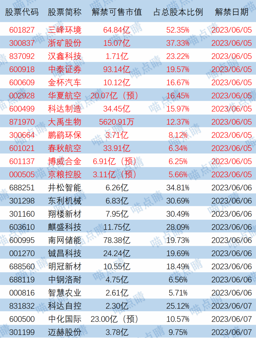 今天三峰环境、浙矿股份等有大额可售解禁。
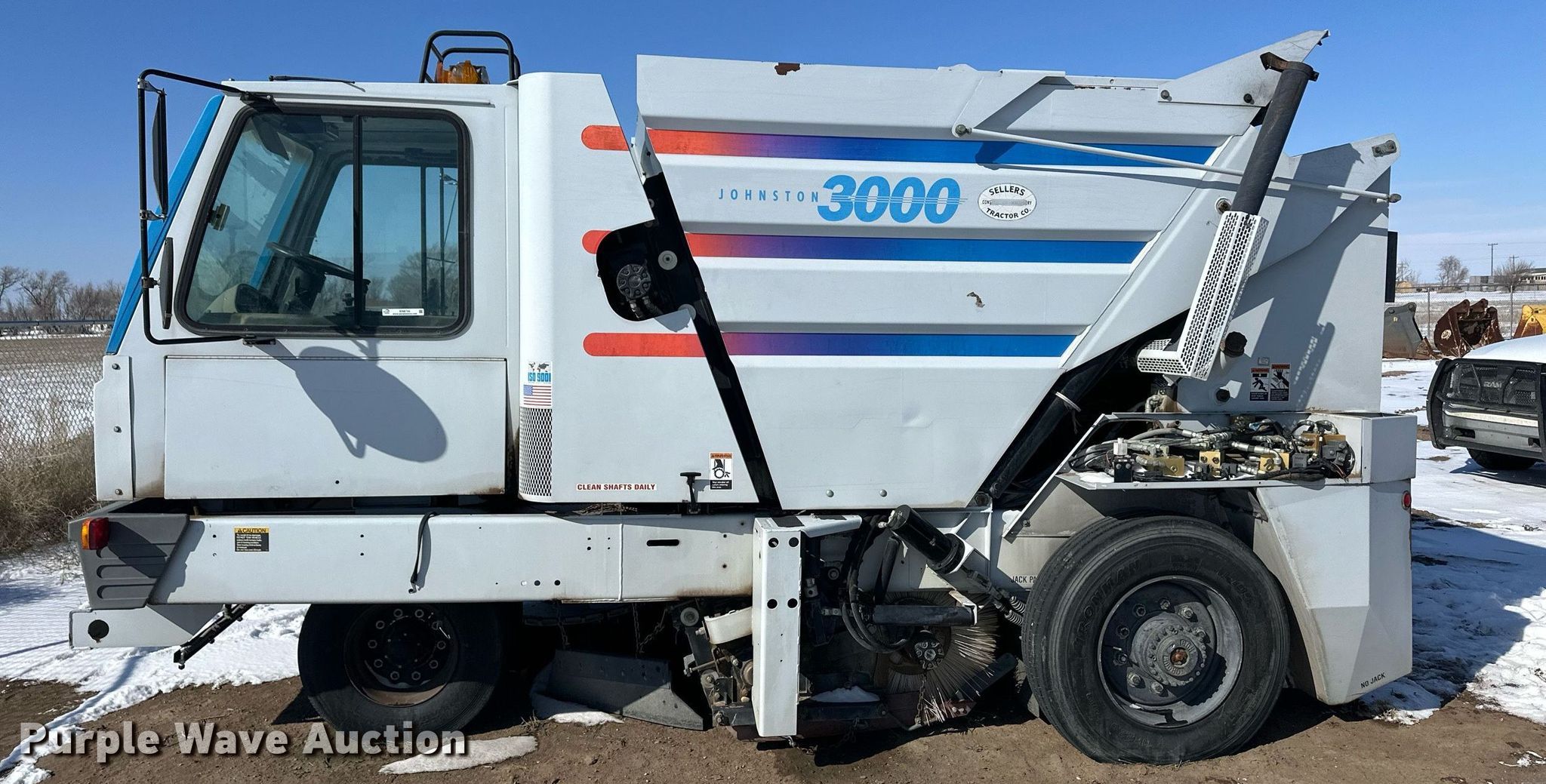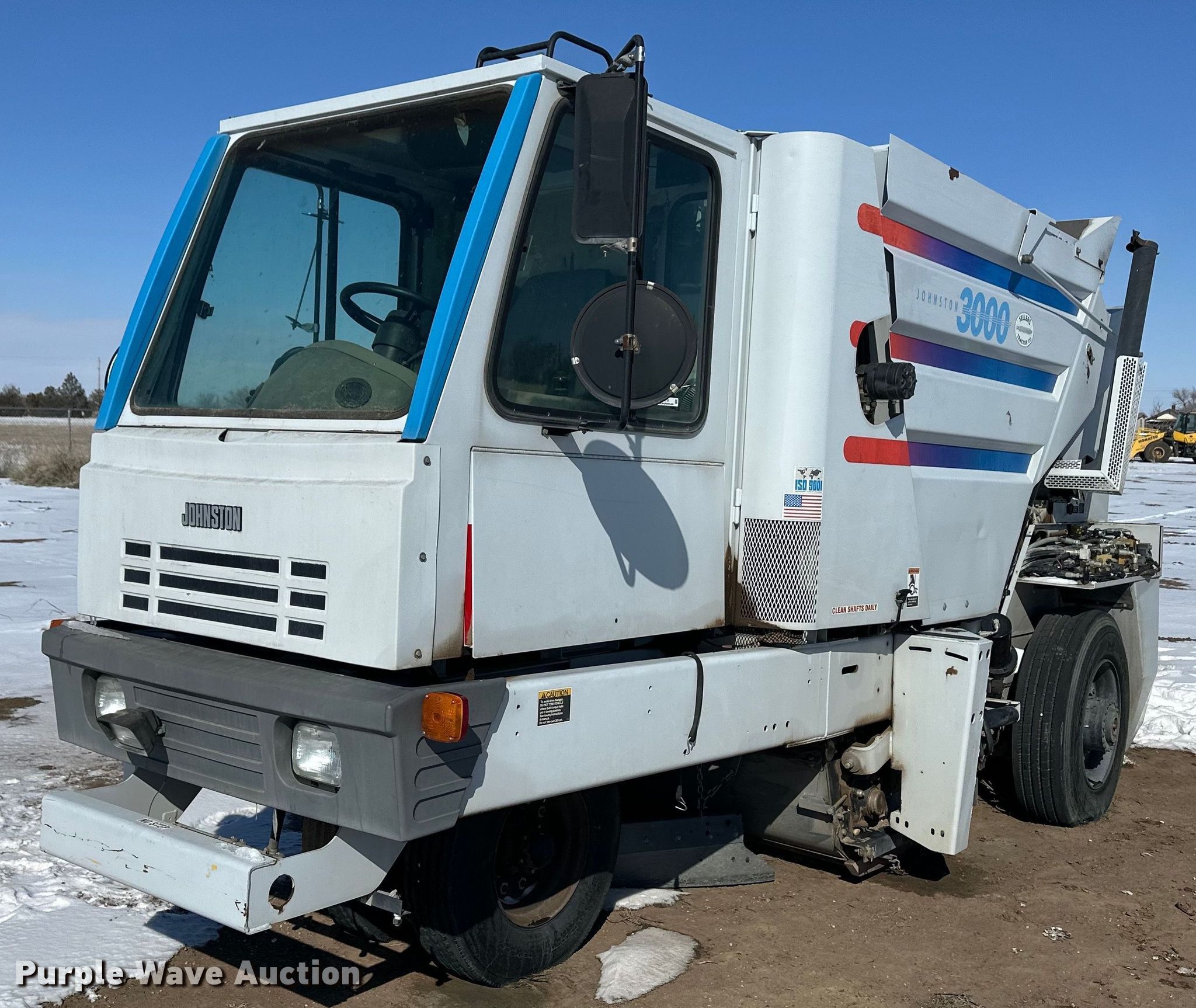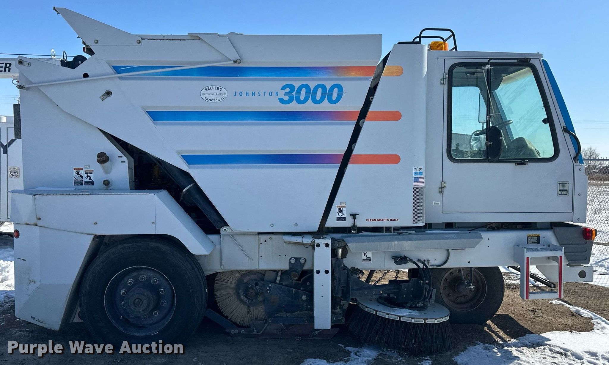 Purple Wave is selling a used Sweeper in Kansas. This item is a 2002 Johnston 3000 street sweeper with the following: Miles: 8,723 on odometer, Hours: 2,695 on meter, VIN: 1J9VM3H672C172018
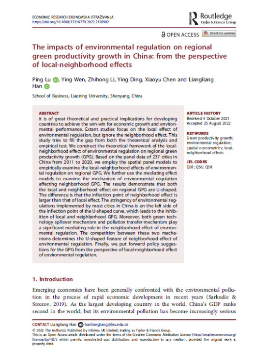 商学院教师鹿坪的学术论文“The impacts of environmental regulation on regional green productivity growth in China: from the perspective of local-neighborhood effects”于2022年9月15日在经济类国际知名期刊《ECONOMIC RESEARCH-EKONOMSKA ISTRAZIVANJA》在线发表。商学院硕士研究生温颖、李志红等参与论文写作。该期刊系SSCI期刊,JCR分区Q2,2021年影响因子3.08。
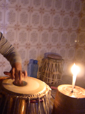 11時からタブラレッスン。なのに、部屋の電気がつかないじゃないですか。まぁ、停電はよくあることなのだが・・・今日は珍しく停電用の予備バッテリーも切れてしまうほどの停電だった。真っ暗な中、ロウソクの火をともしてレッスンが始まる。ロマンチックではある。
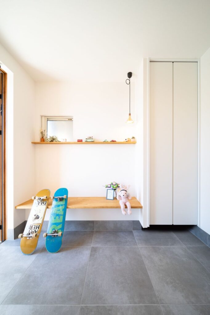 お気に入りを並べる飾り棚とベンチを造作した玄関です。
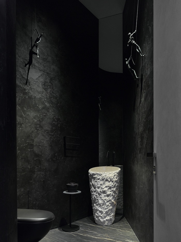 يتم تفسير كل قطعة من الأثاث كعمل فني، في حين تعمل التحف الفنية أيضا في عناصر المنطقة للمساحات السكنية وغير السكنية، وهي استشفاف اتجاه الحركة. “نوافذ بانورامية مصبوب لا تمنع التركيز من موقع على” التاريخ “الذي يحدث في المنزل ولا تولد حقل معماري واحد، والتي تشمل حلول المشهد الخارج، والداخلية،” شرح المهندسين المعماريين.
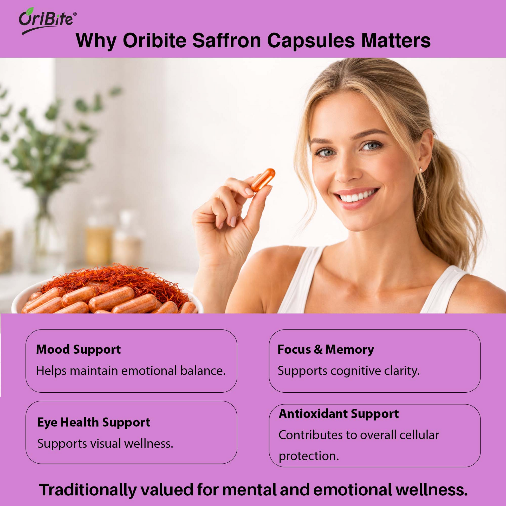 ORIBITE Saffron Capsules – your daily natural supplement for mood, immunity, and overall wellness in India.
========
• INSTRUCTIONS TO FOLLOW: Strip the images and return the remaining data exactly.

• ANSWER TO THIS EXERCISE:
 今天三峰环境、浙矿股份等有大额可售解禁。
 Purple Wave is selling a used Sweeper in Kansas. This item is a 2002 Johnston 3000 street sweeper with the following: Miles: 8,723 on odometer, Hours: 2,695 on meter, VIN: 1J9VM3H672C172018
 商学院教师鹿坪的学术论文“The impacts of environmental regulation on regional green productivity growth in China: from the perspective of local-neighborhood effects”于2022年9月15日在经济类国际知名期刊《ECONOMIC RESEARCH-EKONOMSKA ISTRAZIVANJA》在线发表。商学院硕士研究生温颖、李志红等参与论文写作。该期刊系SSCI期刊,JCR分区Q2,2021年影响因子3.08。
 11時からタブラレッスン。なのに、部屋の電気がつかないじゃないですか。まぁ、停電はよくあることなのだが・・・今日は珍しく停電用の予備バッテリーも切れてしまうほどの停電だった。真っ暗な中、ロウソクの火をともしてレッスンが始まる。ロマンチックではある。
 お気に入りを並べる飾り棚とベンチを造作した玄関です。
 يتم تفسير كل قطعة من الأثاث كعمل فني، في حين تعمل التحف الفنية أيضا في عناصر المنطقة للمساحات السكنية وغير السكنية، وهي استشفاف اتجاه الحركة. “نوافذ بانورامية مصبوب لا تمنع التركيز من موقع على” التاريخ “الذي يحدث في المنزل ولا تولد حقل معماري واحد، والتي تشمل حلول المشهد الخارج، والداخلية،” شرح المهندسين المعماريين.
 ORIBITE Saffron Capsules – your daily natural supplement for mood, immunity, and overall wellness in India.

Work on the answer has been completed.